Collected data

********************

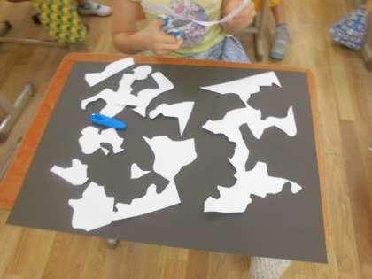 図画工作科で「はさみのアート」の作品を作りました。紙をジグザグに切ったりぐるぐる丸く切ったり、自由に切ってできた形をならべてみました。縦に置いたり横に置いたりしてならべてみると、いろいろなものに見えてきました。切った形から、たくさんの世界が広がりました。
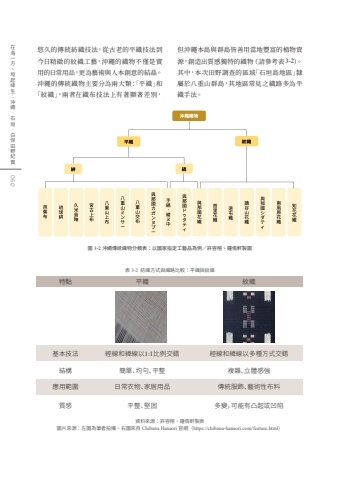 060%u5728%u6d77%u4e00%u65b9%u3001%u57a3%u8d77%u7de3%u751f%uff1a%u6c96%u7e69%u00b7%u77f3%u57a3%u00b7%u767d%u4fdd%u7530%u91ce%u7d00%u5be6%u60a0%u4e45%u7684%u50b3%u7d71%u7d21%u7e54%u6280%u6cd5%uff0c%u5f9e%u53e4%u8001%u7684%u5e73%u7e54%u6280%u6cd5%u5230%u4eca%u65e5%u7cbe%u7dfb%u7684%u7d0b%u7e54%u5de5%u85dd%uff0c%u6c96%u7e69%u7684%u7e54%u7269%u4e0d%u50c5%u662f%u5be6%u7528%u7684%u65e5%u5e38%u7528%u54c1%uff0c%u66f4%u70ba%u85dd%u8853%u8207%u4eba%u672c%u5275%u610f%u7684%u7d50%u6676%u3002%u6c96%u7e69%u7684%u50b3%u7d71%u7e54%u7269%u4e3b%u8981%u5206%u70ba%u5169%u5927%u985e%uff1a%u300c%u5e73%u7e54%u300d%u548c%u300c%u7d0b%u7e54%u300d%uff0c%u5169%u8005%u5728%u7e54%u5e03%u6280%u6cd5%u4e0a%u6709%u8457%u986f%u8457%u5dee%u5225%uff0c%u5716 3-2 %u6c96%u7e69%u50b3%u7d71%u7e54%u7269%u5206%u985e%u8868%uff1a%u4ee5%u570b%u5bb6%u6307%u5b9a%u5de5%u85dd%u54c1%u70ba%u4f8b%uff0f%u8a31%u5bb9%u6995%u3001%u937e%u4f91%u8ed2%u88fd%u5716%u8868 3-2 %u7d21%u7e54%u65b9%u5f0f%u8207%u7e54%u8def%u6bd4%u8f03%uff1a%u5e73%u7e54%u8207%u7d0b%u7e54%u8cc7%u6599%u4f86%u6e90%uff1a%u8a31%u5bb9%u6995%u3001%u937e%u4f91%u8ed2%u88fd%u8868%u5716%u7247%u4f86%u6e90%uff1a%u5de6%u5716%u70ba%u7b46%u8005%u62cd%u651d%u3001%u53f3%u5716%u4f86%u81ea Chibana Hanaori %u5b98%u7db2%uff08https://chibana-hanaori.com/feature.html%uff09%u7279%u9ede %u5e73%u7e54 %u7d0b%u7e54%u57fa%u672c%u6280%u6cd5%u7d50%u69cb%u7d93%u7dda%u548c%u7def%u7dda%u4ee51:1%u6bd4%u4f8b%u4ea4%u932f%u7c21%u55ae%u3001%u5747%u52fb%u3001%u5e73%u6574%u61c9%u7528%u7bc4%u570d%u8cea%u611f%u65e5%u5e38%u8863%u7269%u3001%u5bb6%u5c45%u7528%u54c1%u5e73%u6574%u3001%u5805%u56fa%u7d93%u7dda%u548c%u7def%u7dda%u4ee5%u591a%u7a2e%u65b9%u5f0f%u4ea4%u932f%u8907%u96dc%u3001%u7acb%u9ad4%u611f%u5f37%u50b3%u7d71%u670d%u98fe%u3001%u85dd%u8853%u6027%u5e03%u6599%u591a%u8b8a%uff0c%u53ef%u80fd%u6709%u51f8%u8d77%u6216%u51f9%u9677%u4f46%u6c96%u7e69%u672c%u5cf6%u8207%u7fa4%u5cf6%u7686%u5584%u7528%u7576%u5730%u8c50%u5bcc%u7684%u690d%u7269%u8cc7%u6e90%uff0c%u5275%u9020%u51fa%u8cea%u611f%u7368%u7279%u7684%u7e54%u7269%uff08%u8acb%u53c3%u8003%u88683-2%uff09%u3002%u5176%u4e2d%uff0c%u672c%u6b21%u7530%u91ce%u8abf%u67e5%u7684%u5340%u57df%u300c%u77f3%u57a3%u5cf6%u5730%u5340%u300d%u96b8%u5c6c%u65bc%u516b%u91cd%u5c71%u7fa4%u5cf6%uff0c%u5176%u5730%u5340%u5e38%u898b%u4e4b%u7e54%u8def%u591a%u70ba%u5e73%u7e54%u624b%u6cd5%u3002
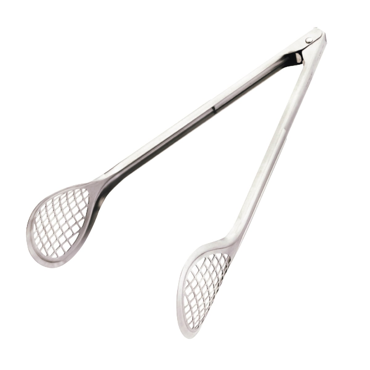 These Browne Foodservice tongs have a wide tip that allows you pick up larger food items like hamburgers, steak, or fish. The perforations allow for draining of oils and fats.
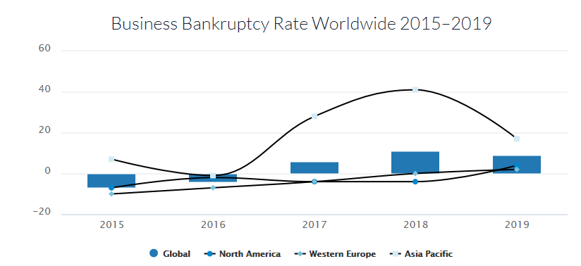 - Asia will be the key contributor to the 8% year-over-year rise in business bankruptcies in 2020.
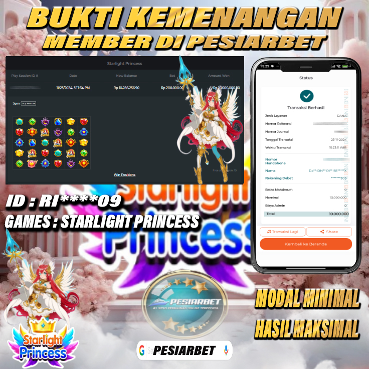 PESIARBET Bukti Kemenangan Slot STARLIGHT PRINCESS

********************

__What you have to do__: Copy out the entries verbatim, but skip every picture.

__Output of the exercise__:
 図画工作科で「はさみのアート」の作品を作りました。紙をジグザグに切ったりぐるぐる丸く切ったり、自由に切ってできた形をならべてみました。縦に置いたり横に置いたりしてならべてみると、いろいろなものに見えてきました。切った形から、たくさんの世界が広がりました。
 060%u5728%u6d77%u4e00%u65b9%u3001%u57a3%u8d77%u7de3%u751f%uff1a%u6c96%u7e69%u00b7%u77f3%u57a3%u00b7%u767d%u4fdd%u7530%u91ce%u7d00%u5be6%u60a0%u4e45%u7684%u50b3%u7d71%u7d21%u7e54%u6280%u6cd5%uff0c%u5f9e%u53e4%u8001%u7684%u5e73%u7e54%u6280%u6cd5%u5230%u4eca%u65e5%u7cbe%u7dfb%u7684%u7d0b%u7e54%u5de5%u85dd%uff0c%u6c96%u7e69%u7684%u7e54%u7269%u4e0d%u50c5%u662f%u5be6%u7528%u7684%u65e5%u5e38%u7528%u54c1%uff0c%u66f4%u70ba%u85dd%u8853%u8207%u4eba%u672c%u5275%u610f%u7684%u7d50%u6676%u3002%u6c96%u7e69%u7684%u50b3%u7d71%u7e54%u7269%u4e3b%u8981%u5206%u70ba%u5169%u5927%u985e%uff1a%u300c%u5e73%u7e54%u300d%u548c%u300c%u7d0b%u7e54%u300d%uff0c%u5169%u8005%u5728%u7e54%u5e03%u6280%u6cd5%u4e0a%u6709%u8457%u986f%u8457%u5dee%u5225%uff0c%u5716 3-2 %u6c96%u7e69%u50b3%u7d71%u7e54%u7269%u5206%u985e%u8868%uff1a%u4ee5%u570b%u5bb6%u6307%u5b9a%u5de5%u85dd%u54c1%u70ba%u4f8b%uff0f%u8a31%u5bb9%u6995%u3001%u937e%u4f91%u8ed2%u88fd%u5716%u8868 3-2 %u7d21%u7e54%u65b9%u5f0f%u8207%u7e54%u8def%u6bd4%u8f03%uff1a%u5e73%u7e54%u8207%u7d0b%u7e54%u8cc7%u6599%u4f86%u6e90%uff1a%u8a31%u5bb9%u6995%u3001%u937e%u4f91%u8ed2%u88fd%u8868%u5716%u7247%u4f86%u6e90%uff1a%u5de6%u5716%u70ba%u7b46%u8005%u62cd%u651d%u3001%u53f3%u5716%u4f86%u81ea Chibana Hanaori %u5b98%u7db2%uff08https://chibana-hanaori.com/feature.html%uff09%u7279%u9ede %u5e73%u7e54 %u7d0b%u7e54%u57fa%u672c%u6280%u6cd5%u7d50%u69cb%u7d93%u7dda%u548c%u7def%u7dda%u4ee51:1%u6bd4%u4f8b%u4ea4%u932f%u7c21%u55ae%u3001%u5747%u52fb%u3001%u5e73%u6574%u61c9%u7528%u7bc4%u570d%u8cea%u611f%u65e5%u5e38%u8863%u7269%u3001%u5bb6%u5c45%u7528%u54c1%u5e73%u6574%u3001%u5805%u56fa%u7d93%u7dda%u548c%u7def%u7dda%u4ee5%u591a%u7a2e%u65b9%u5f0f%u4ea4%u932f%u8907%u96dc%u3001%u7acb%u9ad4%u611f%u5f37%u50b3%u7d71%u670d%u98fe%u3001%u85dd%u8853%u6027%u5e03%u6599%u591a%u8b8a%uff0c%u53ef%u80fd%u6709%u51f8%u8d77%u6216%u51f9%u9677%u4f46%u6c96%u7e69%u672c%u5cf6%u8207%u7fa4%u5cf6%u7686%u5584%u7528%u7576%u5730%u8c50%u5bcc%u7684%u690d%u7269%u8cc7%u6e90%uff0c%u5275%u9020%u51fa%u8cea%u611f%u7368%u7279%u7684%u7e54%u7269%uff08%u8acb%u53c3%u8003%u88683-2%uff09%u3002%u5176%u4e2d%uff0c%u672c%u6b21%u7530%u91ce%u8abf%u67e5%u7684%u5340%u57df%u300c%u77f3%u57a3%u5cf6%u5730%u5340%u300d%u96b8%u5c6c%u65bc%u516b%u91cd%u5c71%u7fa4%u5cf6%uff0c%u5176%u5730%u5340%u5e38%u898b%u4e4b%u7e54%u8def%u591a%u70ba%u5e73%u7e54%u624b%u6cd5%u3002
 These Browne Foodservice tongs have a wide tip that allows you pick up larger food items like hamburgers, steak, or fish. The perforations allow for draining of oils and fats.
 - Asia will be the key contributor to the 8% year-over-year rise in business bankruptcies in 2020.
 PESIARBET Bukti Kemenangan Slot STARLIGHT PRINCESS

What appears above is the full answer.